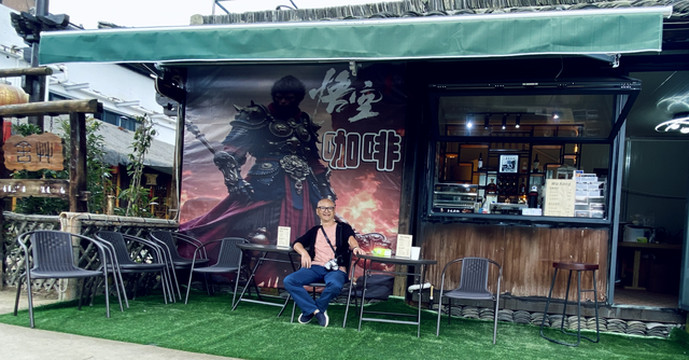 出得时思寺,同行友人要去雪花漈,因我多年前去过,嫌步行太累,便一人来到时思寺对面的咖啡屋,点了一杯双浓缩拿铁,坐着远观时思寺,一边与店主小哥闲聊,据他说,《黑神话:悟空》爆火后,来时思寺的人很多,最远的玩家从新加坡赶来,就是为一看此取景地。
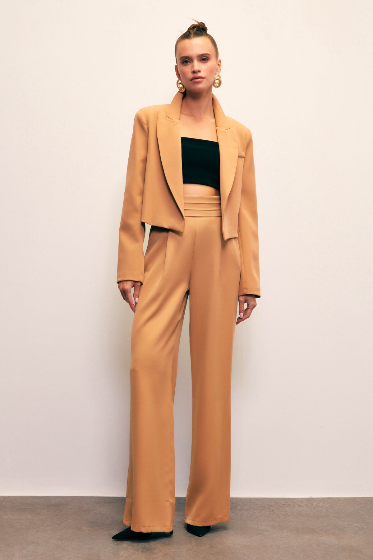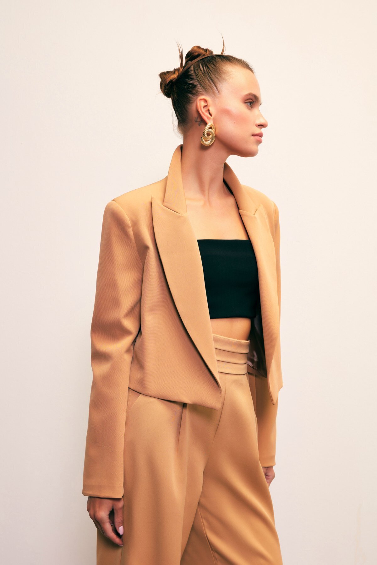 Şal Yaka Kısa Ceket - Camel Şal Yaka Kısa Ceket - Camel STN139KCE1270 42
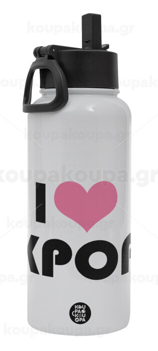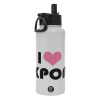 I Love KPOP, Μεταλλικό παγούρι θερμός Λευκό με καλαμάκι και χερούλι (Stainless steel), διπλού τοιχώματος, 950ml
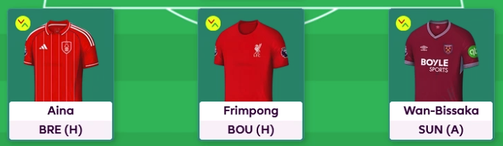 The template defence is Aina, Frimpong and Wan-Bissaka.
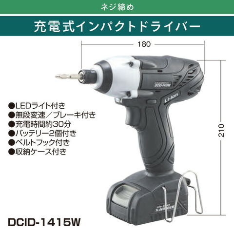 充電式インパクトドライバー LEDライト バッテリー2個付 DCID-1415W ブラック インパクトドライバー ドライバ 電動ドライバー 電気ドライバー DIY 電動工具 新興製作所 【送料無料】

________________

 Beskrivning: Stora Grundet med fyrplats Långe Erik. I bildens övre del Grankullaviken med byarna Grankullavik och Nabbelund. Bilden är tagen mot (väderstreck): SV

________________

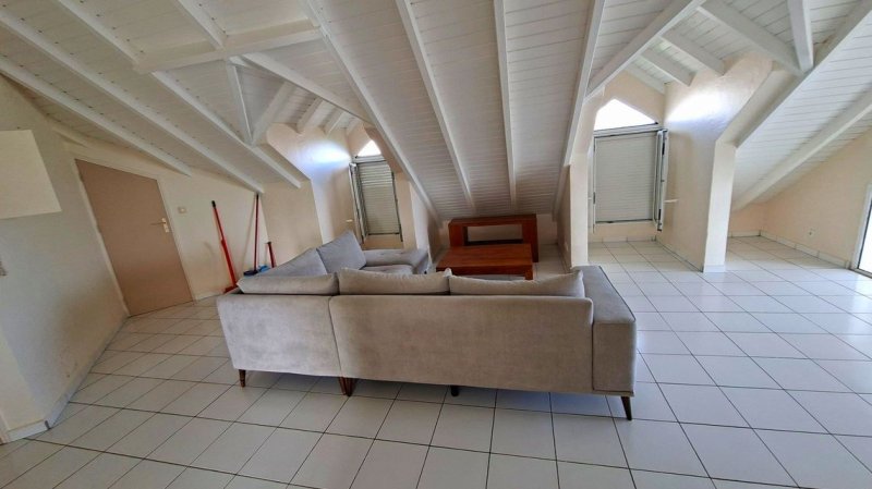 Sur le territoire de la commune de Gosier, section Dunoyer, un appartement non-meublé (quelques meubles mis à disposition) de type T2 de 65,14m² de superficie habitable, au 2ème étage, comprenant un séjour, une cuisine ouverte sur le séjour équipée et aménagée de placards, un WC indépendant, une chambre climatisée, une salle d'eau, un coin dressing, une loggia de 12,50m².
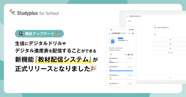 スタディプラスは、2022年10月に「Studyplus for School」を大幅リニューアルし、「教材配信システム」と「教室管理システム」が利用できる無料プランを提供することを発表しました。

________________

EXERCISE REQUIREMENTS —
Write out exactly the lines above between the one with "出得时思寺,同行友人要去雪花" and the one with "充電式インパクトドライバー LEDライト バッテリー2個付", inclusive, with pictures left out.

TASK RESPONSE —
 出得时思寺,同行友人要去雪花漈,因我多年前去过,嫌步行太累,便一人来到时思寺对面的咖啡屋,点了一杯双浓缩拿铁,坐着远观时思寺,一边与店主小哥闲聊,据他说,《黑神话:悟空》爆火后,来时思寺的人很多,最远的玩家从新加坡赶来,就是为一看此取景地。
 Şal Yaka Kısa Ceket - Camel Şal Yaka Kısa Ceket - Camel STN139KCE1270 42
 I Love KPOP, Μεταλλικό παγούρι θερμός Λευκό με καλαμάκι και χερούλι (Stainless steel), διπλού τοιχώματος, 950ml
 The template defence is Aina, Frimpong and Wan-Bissaka.
 充電式インパクトドライバー LEDライト バッテリー2個付 DCID-1415W ブラック インパクトドライバー ドライバ 電動ドライバー 電気ドライバー DIY 電動工具 新興製作所 【送料無料】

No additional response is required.